Founder, Stills Health Clinic

Dr. Sharon Stills, a licensed Naturopathic Medical Doctor with over two decades of dedicated service in transforming women’s health has been a guiding light for perimenopausal and menopausal women, empowering them to reinvent, explore, and rediscover their vitality and zest for life. Her pioneering RED Hot Sexy Meno(pause) Program encapsulates her philosophy: to Reinvent your Health, Explore your Spirit, and Discover YOUR Sexy. This unique approach has revolutionized the way women experience their transformative years, making her a sought-after expert in the field.

A proud graduate of The Sonoran University, class of 2001 with a rich background in European Biological Medicine, pro-aging therapies, and Bio-identical Hormone Replacement, Dr. Stills has successfully guided thousands of women through gentle transitions using all-natural methods. Her expertise is recognized globally, evidenced by her invitation to take part as the Co-Lead North American lecturer for the Paracelsus Academy in Switzerland when the Academy was up and running. She also is a long time contributor as a physician expert at Women’s Health Network. Her influence is also felt in academia and professional circles, sitting on the boards of the Bio-Regulatory Medicine Institute and the Archive of Healing at UCLA. Dr. Stills continues to share her knowledge through the annual Mastering your Meno(pause) transition summit and as the former host of The Science Of Self Healing podcast.

The opening of Stills Health Clinic, her new 7,000 sq. ft. clinic in sunny Scottsdale, Arizona, in late fall 2024, marks another milestone in her mission to provide unparalleled naturopathic care. There along with her son, Dr Ben Stills, they will be providing unique diagnostic and therapeutic options addressing all forms of chronic illness including but not limited to cancer, autoimmunity, covid-20 and of course Meno(pause) concerns. This venture follows her previous success in founding and running one of the largest naturopathic clinics in the country.

Dr. Stills’ personal journey of overcoming her own serious health challenges underscores her commitment to the wellness path she advocates for her patients.

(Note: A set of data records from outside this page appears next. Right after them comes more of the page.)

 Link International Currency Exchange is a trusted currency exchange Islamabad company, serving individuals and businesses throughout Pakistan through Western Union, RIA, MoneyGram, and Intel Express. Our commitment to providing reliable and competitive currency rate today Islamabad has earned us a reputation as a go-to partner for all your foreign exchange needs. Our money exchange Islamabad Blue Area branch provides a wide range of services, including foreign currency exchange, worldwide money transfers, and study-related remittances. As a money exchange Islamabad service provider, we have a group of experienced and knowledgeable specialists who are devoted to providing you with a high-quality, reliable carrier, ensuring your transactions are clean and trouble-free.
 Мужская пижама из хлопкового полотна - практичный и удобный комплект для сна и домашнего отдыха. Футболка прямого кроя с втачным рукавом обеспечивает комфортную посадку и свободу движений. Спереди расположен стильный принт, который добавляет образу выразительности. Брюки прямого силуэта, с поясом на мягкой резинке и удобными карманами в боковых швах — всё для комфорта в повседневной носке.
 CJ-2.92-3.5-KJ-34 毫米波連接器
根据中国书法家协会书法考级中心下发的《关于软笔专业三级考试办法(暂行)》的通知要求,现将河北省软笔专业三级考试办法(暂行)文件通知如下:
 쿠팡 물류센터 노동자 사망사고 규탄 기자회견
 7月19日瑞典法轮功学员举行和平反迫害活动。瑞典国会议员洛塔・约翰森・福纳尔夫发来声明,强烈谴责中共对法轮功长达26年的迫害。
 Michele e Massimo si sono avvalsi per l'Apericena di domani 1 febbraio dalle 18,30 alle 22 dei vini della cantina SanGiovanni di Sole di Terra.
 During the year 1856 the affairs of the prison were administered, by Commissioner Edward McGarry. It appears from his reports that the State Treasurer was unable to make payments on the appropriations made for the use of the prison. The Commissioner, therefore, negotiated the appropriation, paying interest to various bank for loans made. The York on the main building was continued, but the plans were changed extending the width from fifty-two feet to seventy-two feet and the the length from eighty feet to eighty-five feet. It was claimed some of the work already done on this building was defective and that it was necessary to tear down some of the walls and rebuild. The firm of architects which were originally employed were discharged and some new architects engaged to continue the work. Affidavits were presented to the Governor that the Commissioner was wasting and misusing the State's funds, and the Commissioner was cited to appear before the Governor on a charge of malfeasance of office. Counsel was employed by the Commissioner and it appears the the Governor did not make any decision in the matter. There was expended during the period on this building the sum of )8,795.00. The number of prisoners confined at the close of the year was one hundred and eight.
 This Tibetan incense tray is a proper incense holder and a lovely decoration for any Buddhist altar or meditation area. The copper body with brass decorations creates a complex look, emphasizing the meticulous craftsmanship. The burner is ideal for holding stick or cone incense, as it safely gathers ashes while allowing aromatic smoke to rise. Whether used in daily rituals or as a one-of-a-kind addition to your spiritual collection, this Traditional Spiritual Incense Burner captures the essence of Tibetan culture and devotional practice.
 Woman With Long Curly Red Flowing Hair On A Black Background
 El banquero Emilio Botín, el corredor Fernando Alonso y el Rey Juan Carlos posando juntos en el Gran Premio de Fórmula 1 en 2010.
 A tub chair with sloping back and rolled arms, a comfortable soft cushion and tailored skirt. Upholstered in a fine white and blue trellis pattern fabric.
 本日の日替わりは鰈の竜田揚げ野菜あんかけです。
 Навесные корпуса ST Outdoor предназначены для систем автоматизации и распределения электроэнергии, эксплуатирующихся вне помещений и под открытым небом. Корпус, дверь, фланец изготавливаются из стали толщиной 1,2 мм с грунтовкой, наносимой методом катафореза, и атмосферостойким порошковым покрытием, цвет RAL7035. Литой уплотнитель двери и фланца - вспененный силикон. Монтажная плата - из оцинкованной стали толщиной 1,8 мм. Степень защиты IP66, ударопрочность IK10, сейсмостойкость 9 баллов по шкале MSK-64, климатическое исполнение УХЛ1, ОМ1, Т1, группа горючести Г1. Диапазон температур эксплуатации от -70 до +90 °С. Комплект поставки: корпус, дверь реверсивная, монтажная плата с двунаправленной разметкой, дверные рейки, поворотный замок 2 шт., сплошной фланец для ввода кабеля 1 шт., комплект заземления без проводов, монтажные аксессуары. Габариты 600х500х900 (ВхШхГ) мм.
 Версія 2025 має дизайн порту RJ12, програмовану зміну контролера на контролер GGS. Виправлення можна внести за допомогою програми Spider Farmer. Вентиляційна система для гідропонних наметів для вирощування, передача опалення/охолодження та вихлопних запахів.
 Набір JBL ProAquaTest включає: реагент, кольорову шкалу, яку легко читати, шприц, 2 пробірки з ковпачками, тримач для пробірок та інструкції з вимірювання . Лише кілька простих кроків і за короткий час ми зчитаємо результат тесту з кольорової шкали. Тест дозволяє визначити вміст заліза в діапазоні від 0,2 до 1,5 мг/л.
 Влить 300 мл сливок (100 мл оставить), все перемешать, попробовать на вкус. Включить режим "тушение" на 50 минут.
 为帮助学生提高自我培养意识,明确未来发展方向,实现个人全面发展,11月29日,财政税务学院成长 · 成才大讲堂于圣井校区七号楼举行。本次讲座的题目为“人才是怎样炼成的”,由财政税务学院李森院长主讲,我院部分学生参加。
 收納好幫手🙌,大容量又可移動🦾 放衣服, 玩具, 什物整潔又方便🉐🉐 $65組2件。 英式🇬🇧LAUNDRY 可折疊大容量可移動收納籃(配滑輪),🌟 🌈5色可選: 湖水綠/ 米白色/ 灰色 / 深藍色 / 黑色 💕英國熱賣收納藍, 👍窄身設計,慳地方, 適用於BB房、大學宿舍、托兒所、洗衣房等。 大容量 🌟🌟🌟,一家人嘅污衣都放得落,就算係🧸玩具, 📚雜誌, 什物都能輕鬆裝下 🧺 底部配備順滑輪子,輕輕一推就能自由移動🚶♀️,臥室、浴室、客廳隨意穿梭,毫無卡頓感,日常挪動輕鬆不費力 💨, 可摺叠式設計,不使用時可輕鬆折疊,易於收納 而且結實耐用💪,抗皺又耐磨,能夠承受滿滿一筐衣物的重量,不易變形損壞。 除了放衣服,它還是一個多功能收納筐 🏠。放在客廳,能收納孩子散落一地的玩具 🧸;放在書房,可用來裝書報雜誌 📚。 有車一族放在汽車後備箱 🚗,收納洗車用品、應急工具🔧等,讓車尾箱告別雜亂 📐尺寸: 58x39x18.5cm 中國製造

Her life is a testament to the principles she teaches: from embracing a healthy Paleo diet and a rigorous vitamin regimen to prioritizing restorative sleep and physical movement through yoga, hiking, and dancing.

Whether meditating in solitude, cheering for the NY Jets, baking paleo cookies, or exploring the world collecting passport stamps with her family and adorable granddaughters, she embodies the RED-Hot life she champions for others.